Jan. 22nd, 2016

hrj: (doll)
This is a delightfully informative and madcap graphic biography (sort-of) of Ada Lovelace and her relationship with proto-computer inventor Charles Babbage and his research. I found it reminiscent of such genre-fracturing works as Larry Gonick’s The Cartoon History of… series or Scott McCloud’s Understanding Comics in the way it simultaneously uses and subverts the conventions of graphic storytelling to bridge the worlds of education and entertainment. (No doubt there are many other works that do similar things, but I don't actually follow graphic novels much, so these are the ones I thought of.)

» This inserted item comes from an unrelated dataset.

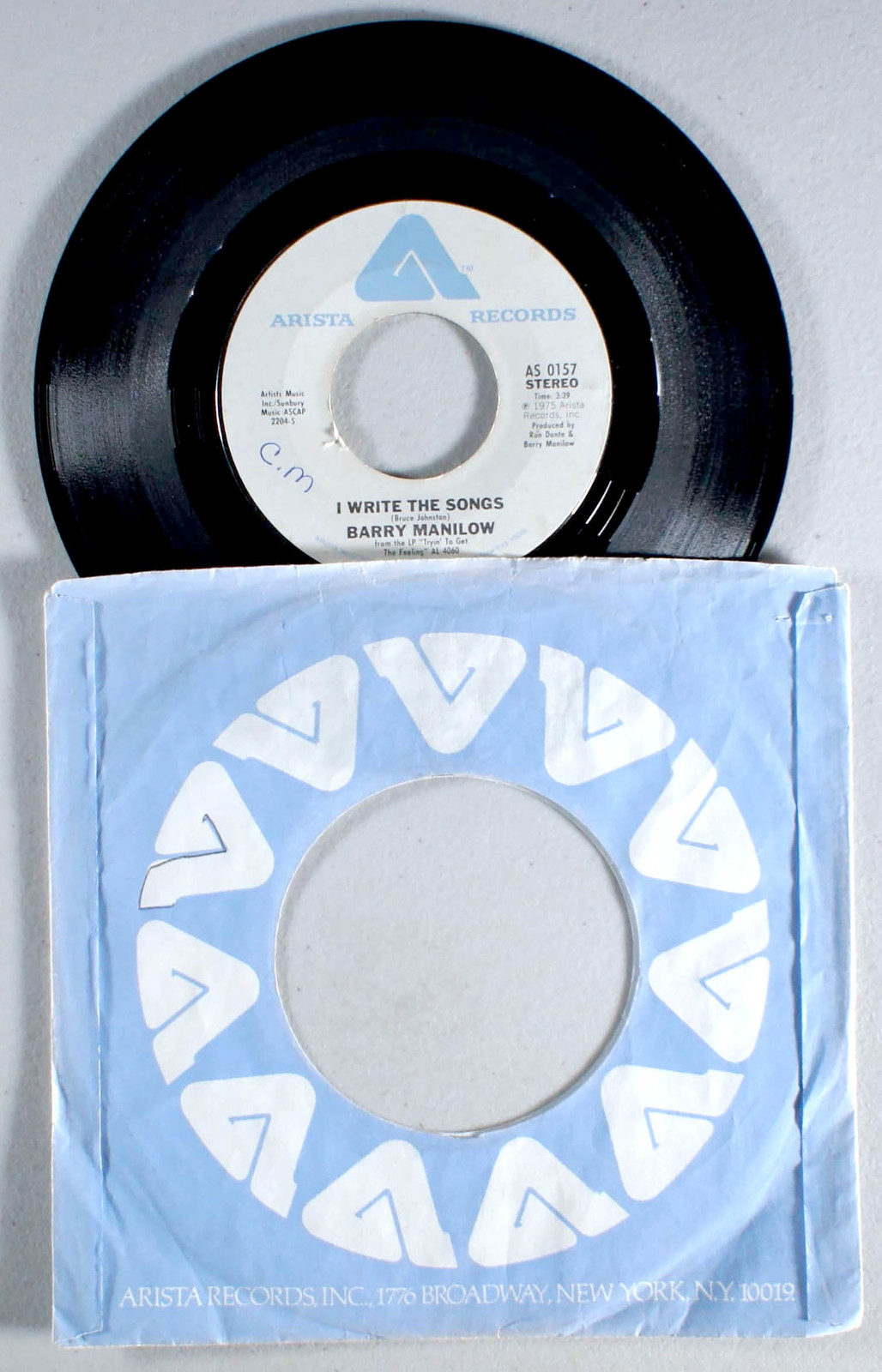 Vinyl plays with occasional light-crackles (play-graded). 7" Single. Original "Arista" cover looks good; light scuffing and fading (front/back); a name and a number written on one side of cover and inked design on other side. Minor shelf-wear along edges and corners with two tiny holes (from a staple?) near top corner. Opening is crisp but faded with some rippling and signs of use. Initials written on one side of label. (Not a cut-out.)

It begins as a straightforward biography of Augusta Ada King, Countess Lovelace, daughter of the mad poet Lord Byron, and very arguably the first computer programmer. The visual storytelling is expanded by the use of footnotes (which often interact amusingly with the other graphic elements) and extensive endnotes that expand on technical points, or issues and personages contemporary to the main themes. (I read it in iBooks format and the e-text has been set up to allow easy movement between the main panels, the endnotes, and large-text versions of both foot- and endnotes.)

But the author, having to her dismay hit the limits of pure biography, due to Lovelace’s tragically short life and Babbage’s failure to actually realize any of his amazing inventions, plunges on sideways into an alternate steampunk universe in which Lovelace and Babbage actually build the analytical engine and use it to…wait for it…fight crime! (And other adventurous pursuits.) Here the story explodes into a mash-up of actual history, deranged tour through the political and literary landscape of mid-19th century Britain, and technical manual.

I loved how the story returned to the essentials of steampunk as a genre (as opposed to an artistic aesthetic) in highlighting the exploits of larger-than-life 19th century figures whose dreams and inventive imaginations outstripped the technology of the day. It does not, however, ignore the aesthetic side of steampunk, and aficionados will find all their favorite goggles, Rube-Goldbergian technology, and dashing women in gender-bending historic clothing.

Whether you read the central graphic story purely as entertainment, or delve deeply enough into the technical appendices to understand just how Babbage’s engine was intended to work (and the reasons why it was unlikely to have done so), or split the difference by meditating on the ways in which a brilliant mind like Lovelace’s was betrayed and undermined by the age she lived in, this is a book I recommend in the strongest terms.